The program has also experimented with policy research (PolicyOptions), including through the work of student policy interns.  

 

Staff are also in conversation with the department of institutional assessment about identifying ways to integrate and pilot community assessment.

 

Contact:  Kim Dean (kimberly.dean@richmond.edu)

 

 

Washburn University

 

Washburn’s Bonner Leader Program is organized around issue groups, including health care, literacy, and other topics.  While students involved in this AmeriCorps supported program engage in direct service placements, they also participate in education and reflection geared at helping them understand the root causes and issues.  As an AmeriCorps backed program, they offer students a variety of slot terms including 300 hour, 450 hour, and 900 hour.  Washburn hopes to transition to a four-year program model in the next few years.

 

Washburn also has the ability to recruit and place sixty VISTAS for the statewide network; some are placed far from Topeka.  Several VISTAs, however, are placed with local partners in capacity-building positions.  

 

In the past year, Washburn also completed the ASCE and hopes to use this information to fuel other campus-wide infrastructure development.  They had worked to make some significant changes to the curricular requirements and structure for students that would provide connection with and support for civic engagement; some of these have not yet been fully implemented.
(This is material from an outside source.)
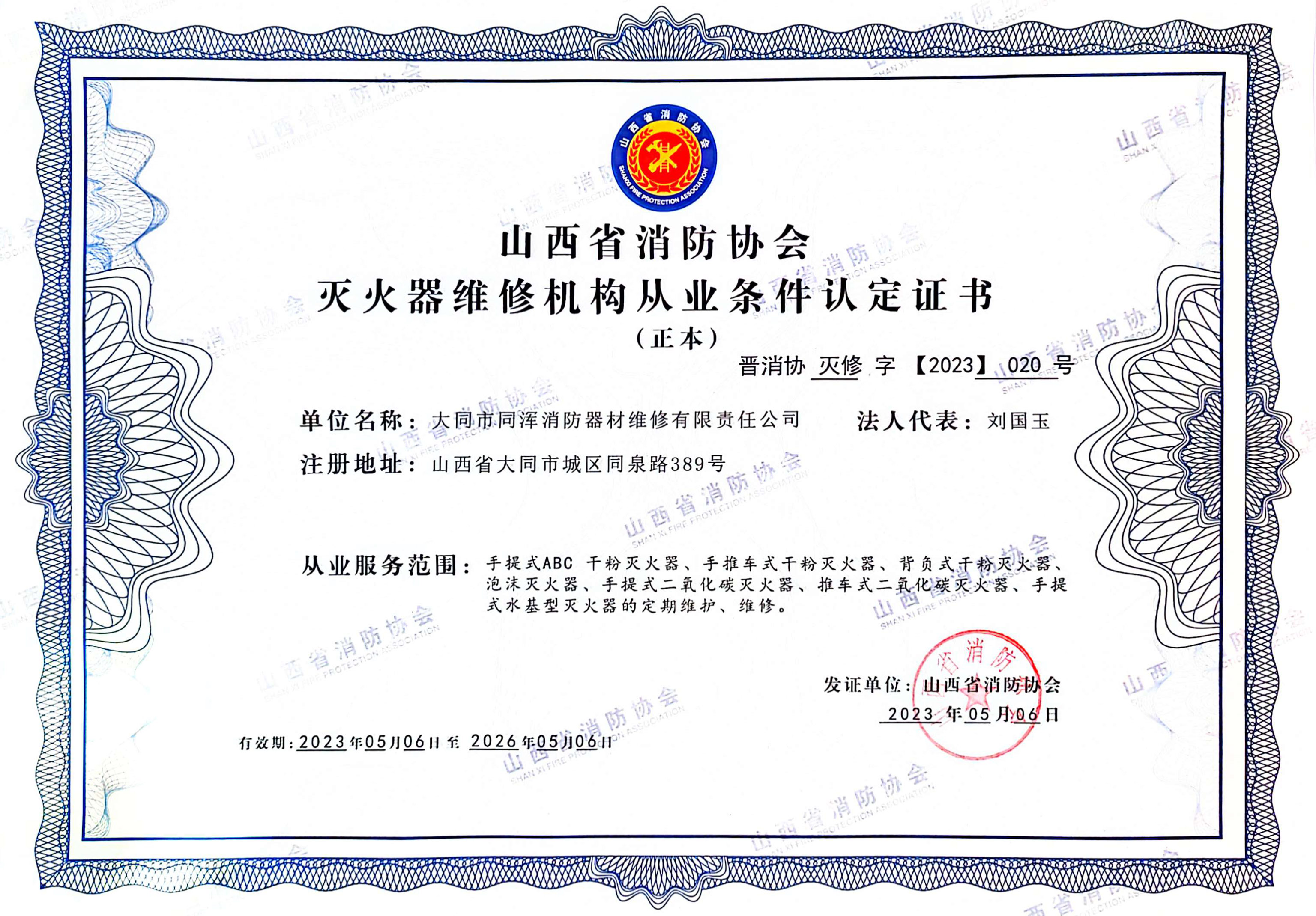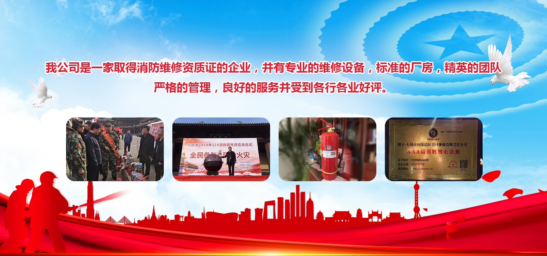 大同市同渾消防器材維修有限責任公司,位于大同市同泉路389號,始建于2000年,是公安部消防局定點銷售和維修的企業(yè),歷經多年的創(chuàng)建、發(fā)展和拼搏,現(xiàn)有多家消防器材廠商供應我公司,并有現(xiàn)代化維修設備,標準的廠房,嚴格的管理,優(yōu)良的設備,良好的服務并受到各行各業(yè)的好評。總經理劉國玉嚴格管理,嚴格要求,精益求精,認真負責,帶領團隊熱烈歡迎各界朋友顧客光臨。

The program has also experimented with policy research, participating in the PolicyOptions project.

 

In terms of assessment, one academic course is experimenting with some qualitative study of community partners.  

 

Contacts:  Rick Ellis (rick.ellis@washburn.edu) and Kristine Hart (kristine.hart@washburn.edu)

 

 

Wofford College (Spartanburg, SC)

 

Wofford’s Bonner Scholars Program in the past year made a major shift from an individual placement strategy to a project-oriented team model.  In this process, they winnowed from 60 partners to 10 for the program.  Partners and staff discussed the projects through the lens of an anti-poverty, social justice framework, but students themselves have also taken on much responsibility for the design and implementation of these shifts.

 

These changes were also informed by surfacing issues in the Spartanburg area, building on the seventy year work of the community indicators project, which identified a set of community-wide indicators of well-being (e.g., poverty rates, unemployment rates, teen pregnancy, and so on).  These indicators, however, still raise questions at times about how the volunteers work should be focused (e.g. is enrolling families in food stamps a step towards eliminating hunger?).

 

In addition, Wofford hopes to work more collaboratively with other area colleges and universities in a way that aligns with a community-assessment approach.  In terms of other assessment, they are talking about ways to assess the effectiveness of training and education for students, using a pre- and post- test.